WHAT YOU WILL DO:
Go to the line below containing "Esta linda etiqueta" and print exactly from there through the line containing "Enchufe doble sin", both included. Print nothing else.

RECORDS TO USE:
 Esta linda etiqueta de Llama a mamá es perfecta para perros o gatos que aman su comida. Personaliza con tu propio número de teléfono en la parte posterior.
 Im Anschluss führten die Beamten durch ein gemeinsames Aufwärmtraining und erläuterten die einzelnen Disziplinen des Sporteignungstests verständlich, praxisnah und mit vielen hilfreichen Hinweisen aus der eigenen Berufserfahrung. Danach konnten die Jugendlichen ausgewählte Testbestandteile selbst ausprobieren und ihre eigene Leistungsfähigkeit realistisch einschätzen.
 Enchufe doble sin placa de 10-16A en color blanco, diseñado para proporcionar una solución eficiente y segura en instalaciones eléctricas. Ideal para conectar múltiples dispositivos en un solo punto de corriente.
---
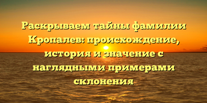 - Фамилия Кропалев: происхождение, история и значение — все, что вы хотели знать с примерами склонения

SOLUTION FOR THIS PROBLEM:
 Esta linda etiqueta de Llama a mamá es perfecta para perros o gatos que aman su comida. Personaliza con tu propio número de teléfono en la parte posterior.
 Im Anschluss führten die Beamten durch ein gemeinsames Aufwärmtraining und erläuterten die einzelnen Disziplinen des Sporteignungstests verständlich, praxisnah und mit vielen hilfreichen Hinweisen aus der eigenen Berufserfahrung. Danach konnten die Jugendlichen ausgewählte Testbestandteile selbst ausprobieren und ihre eigene Leistungsfähigkeit realistisch einschätzen.
 Enchufe doble sin placa de 10-16A en color blanco, diseñado para proporcionar una solución eficiente y segura en instalaciones eléctricas. Ideal para conectar múltiples dispositivos en un solo punto de corriente.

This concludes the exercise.